Если исходить из того, что бюджет Эстонии состоит из ста единиц, то 76 из них зафиксированы законами — пенсии, пособия, прочие расходы, предусмотренные законами. Свободными являются 24%, эта та часть бюджета, которую может обсуждать парламент. В последние годы доля средств ЕС составляла в бюджете Эстонии 16-18%.
Легко подсчитать: поскольку доля собственных налоговых доходов Эстонии в бюджете составляет 82% и для исполнения законов требуется 76%, следовательно, если бы не было средств ЕС, свободных бюджетных денег у нас было бы всего шесть процентов.
Другими словами, не будь финансовой помощи ЕС, то спикер Рийгикогу вполне мог бы спросить у парламента: «В Эстонии законы действуют?». «Действуют», — ответил бы парламент, и спикер тогда сказал бы: «Бюджет принят, можем расходиться».
Мы должны осознать, что реально наша страна постоянно находится в ситуации, когда мы не можем покрывать свои расходы за счет доходов от налогов. И это продолжается уже много лет. Мы исхитряемся направлять помощь ЕС в те сферы, где она раньше не была задействована.
За последние семь лет в Эстонии созданы тысячи рабочих мест, которые связаны с дотациями Евросоюза. Мы создали новую отрасль экономики, в которой трудятся десятки тысяч людей и объем которой доходит до одного миллиарда евро в год. Будь это вечный двигатель, perpetuum mobile, то можно было бы сказать, что все замечательно, и другие поступают так же.
Но процессы, происходящие внутри Евросоюза, говорят о том, что это не может продолжаться вечно.
Очевидно, что этот механизм будет действовать и следующие семь лет?
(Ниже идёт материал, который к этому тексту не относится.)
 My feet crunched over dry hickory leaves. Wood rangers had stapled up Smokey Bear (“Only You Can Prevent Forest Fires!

Да. Этот процесс только углубляется. Финансовая помощь ЕС увеличивалась с каждым годом, и росла ее доля в бюджете страны. Посмотрите, Эстония уже почти отказалась от инвестиций за счет своих налоговых доходов — дороги и школы, лыжный трамплин в Техванди, спортзал Английского колледжа, новое здание химического факультета ТУ и Морской музей — все это построено за счет евродотаций. И это лишь отдельные примеры.
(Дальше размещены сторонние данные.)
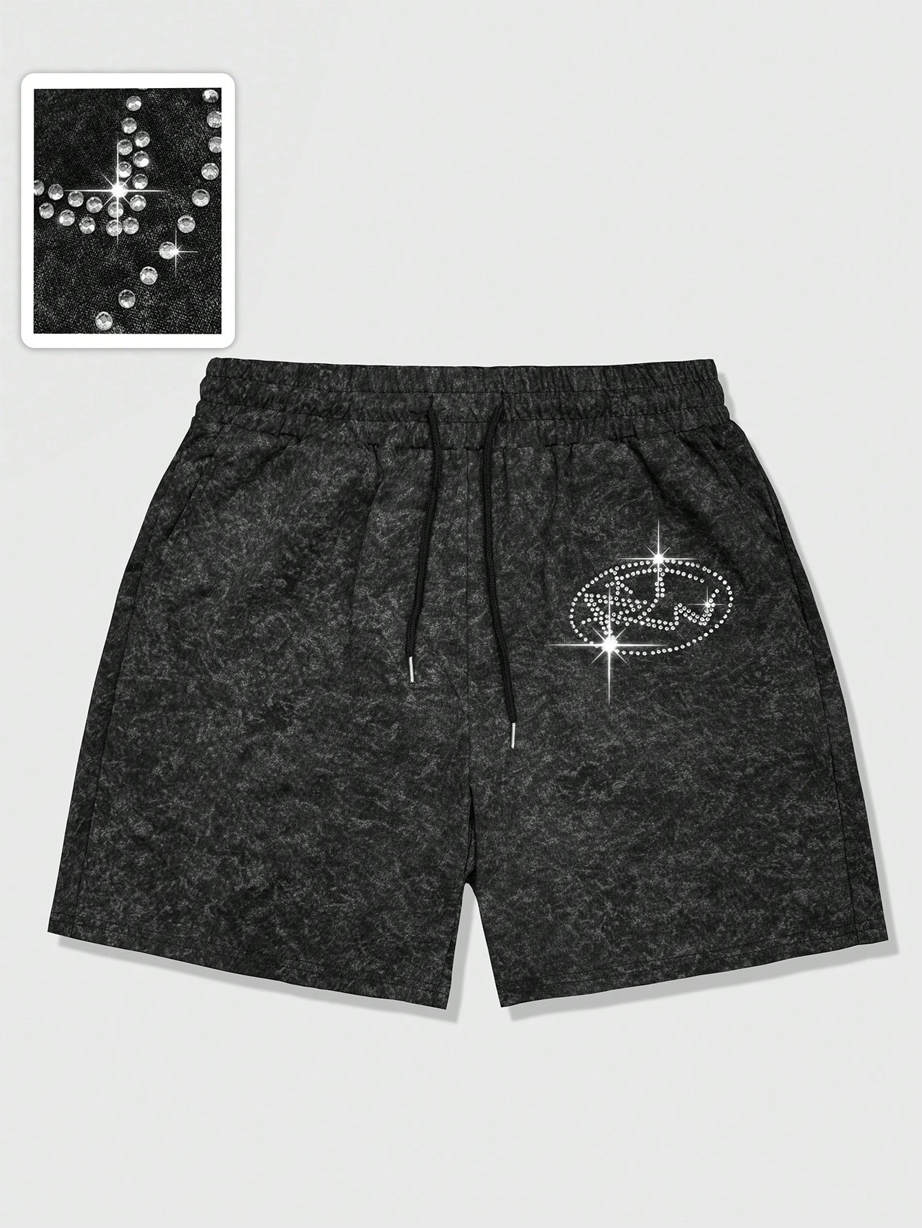 Herren Sommer Lässig Shorts mit Strass und Kordelzug in der Taille

Для Эстонского национального музея средств от ЕС мы не получали.
А все потому, что мы занеслись слишком высоко, попытались обмануть Европу и представить сокровищницу нашей культуры как туристический объект. Порой мы пытаемся пускать в ход нашу крестьянскую хитрость, полагая, что другие по глупости или недомыслию этого не поймут.
Эстония в Европе — страна, которая получает больше, чем дает. Но почему другие страны должны нам давать? Мы говорим здесь о солидарности и о том, что для того, чтобы Европа была сильной, богатые страны должны помогать бедным. Что, собственно, Европа и делает.
Вы помните, какие страсти разгорелись, когда встал вопрос о вкладе Эстонии в стабилизационный фонд EMS. Мы тут же забыли о солидарности и о финансовой помощи, которую получали много лет подряд.
Во время долгового кризиса странно была читать рассуждения о том, что ленивые европейцы живут за счет трудолюбивых эстонцев, и это при том, что каждый год мы получали от этих «ленивых» европейцев помощь почти на миллиард евро.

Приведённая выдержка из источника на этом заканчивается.